DFB und Qatar Airways:Ein heikles Dementi

FILE PHOTO: Qatar Airways plane lands at the King Khalid International Airport, in Riyadh

Die Botschaft von Katar behauptet, der DFB wollte Verhandlungen mit der Fluglinie aufnehmen - die Fluglinie aber nicht mit dem DFB.

(Foto: Ahmed Yosri/Reuters)

Katar weist Interesse an einem Sponsoren-Vertrag mit dem Deutschen Fußball-Bund zurück, bestätigt aber eine Anfrage des Verbands. Das macht die Angelegenheit für den DFB noch delikater.

Von Thomas Kistner

Eine Woche lang schwiegen der Deutsche Fußball-Bund und Qatar Airways zur anschwellenden politischen Debatte rund um eine mögliche Werbepartnerschaft zwischen dem DFB und dem Staatskonzern am Golf. Nun brach Katar das Schweigen, und es stellt sich konkret die Frage, von welcher Seite diese Liaison betrieben wurde. Zwar dementierte das Emirat am Freitag jedes Interesse an einem Sponsoring, dies sei auch nie mit dem DFB erörtert worden - darum gebeten hätten die deutschen Funktionäre aber schon.

"Entgegen der Presseberichterstattung hat es zu keinem Zeitpunkt Verhandlungen oder Gespräche zwischen Qatar Airways und dem DFB über ein Sponsoring oder sonstige Förderungen gegeben", hieß es in der Mitteilung das katarischen Botschafters in Berlin. Man ziehe auch "derzeit nicht in Betracht, entsprechende Verhandlungen aufzunehmen". Derzeit also nicht - aber bis zur WM Ende 2022 ist es noch eine Weile hin.
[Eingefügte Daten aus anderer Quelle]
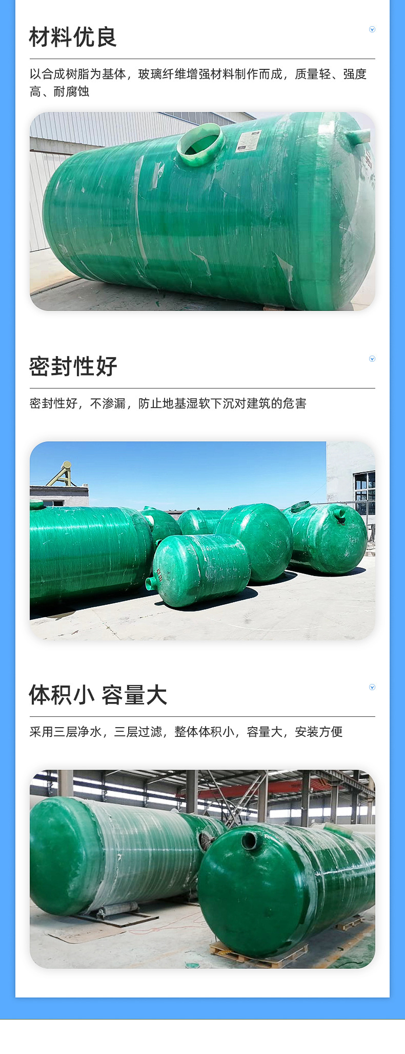 山東環(huán)通復(fù)合材料有限公司成立于2011年,是從事玻璃鋼化糞池產(chǎn)品的企業(yè),公司位于山東濰坊安丘市。玻璃鋼化糞池有1立方、2立方3立方、4立方、5立方、10立方、12立方、15立方、20立方、25立方、30立方、50立方等,顏色分為:綠色、藍(lán)色、黃色等。公司產(chǎn)品主要分為:玻璃鋼儲(chǔ)罐容器,玻璃鋼化糞池,玻璃鋼隔油池,玻璃鋼加砂管道,玻璃鋼化糞池,玻璃鋼脫硫塔,玻璃鋼格柵,玻璃鋼防腐,玻璃鋼儲(chǔ)罐,玻璃鋼管件等。

Und auch 2021 ist für etwaige Sponsoring-Aktivitäten längst nicht vorüber.

Neben dem sehr späten Zeitpunkt dieses Dementis, im Zuge heftiger Debatten insbesondere im politischen Berlin, legen auch andere Umstände nahe, dass diese Geschäftsverbindung intensiver angedacht worden war. Zunächst hat der DFB die Thematik nie dementiert. Man kommentiere "generell keine Gespräche mit Partnern", tat die Marketing GmbH am vergangenen Freitag auf SZ-Anfrage kund, auch aus der DFB-Spitze gab es nur ein gewundenes Statement zu Gerüchten und Vertraulichkeiten. Aber kein Dementi. Und auch nach Katars Erklärung heißt es aus verbandsinternen Quellen: Schon vor Monaten soll auf Geschäftsführer-Ebene der DFB-Dienste zu diesem Thema berichtet worden sein. Umso interessanter, dass das Emirat nun eigene Ambitionen zurückweist - zugleich aber den Sachverhalt bestätigt: Es sei der DFB gewesen, der sich um diese Werbe-Ehe bemüht habe.

"Qatar Airways", heißt es am Freitag in der offiziellen Erklärung, "wurde zwar von Seiten des DFB mit einem derartigen Begehren kontaktiert, dies blieb aber bis zum heutigen Tag unbeantwortet."

Katar räumt also eine Anfrage des DFB ein. Es erklärt aber nicht, warum es auf dieses Begehr nie reagiert haben will - abgewiesen wurde es demnach nicht. Das macht die Vorgänge mysteriös, doch heikler werden sie nun für den Verband. Denn die Kritik hierzulande richtete sich ja nicht explizit gegen das Emirat, sondern gegen Pläne, das Image des deutschen Fußballs und seiner sieben Millionen DFB-Mitglieder in ein Land zu transferieren, das ob seiner Menschenrechtslage stark in der Kritik ist. Das Thema rückte diese Woche erneut international in den Fokus. Eine britische Menschenrechtsorganisation legte detaillierte Fälle von Zwangsarbeit in Hotels in Katar dar, monierte "Diskriminierung und Repressalien". Der Golfstaat hielt dagegen, man habe "eine Reihe wichtiger Reformen" zum Arbeiterschutz eingeführt.

Schon diese Aktualität zeigt: Das Thema bleibt heikel, wohl bis zur WM 2022. Vom DFB, dessen Interesse an einem Werbedeal mit Katar nun offiziell enthüllt wurde, war am Freitag (bis Redaktionsschluss) nichts zu vernehmen. Vom Tisch sein dürfte das Thema noch nicht. Mitglieder des Präsidiums hatten nach der Sitzung ihres Gremiums vergangene Woche bestätigt, dass ihnen dort der vorzeitige Ausstieg des bisherigen Flug-Partners Lufthansa mitgeteilt worden sei - dieser Vertrag war bis Ende 2022 datiert. Offiziell bestätigt ist auch das nicht.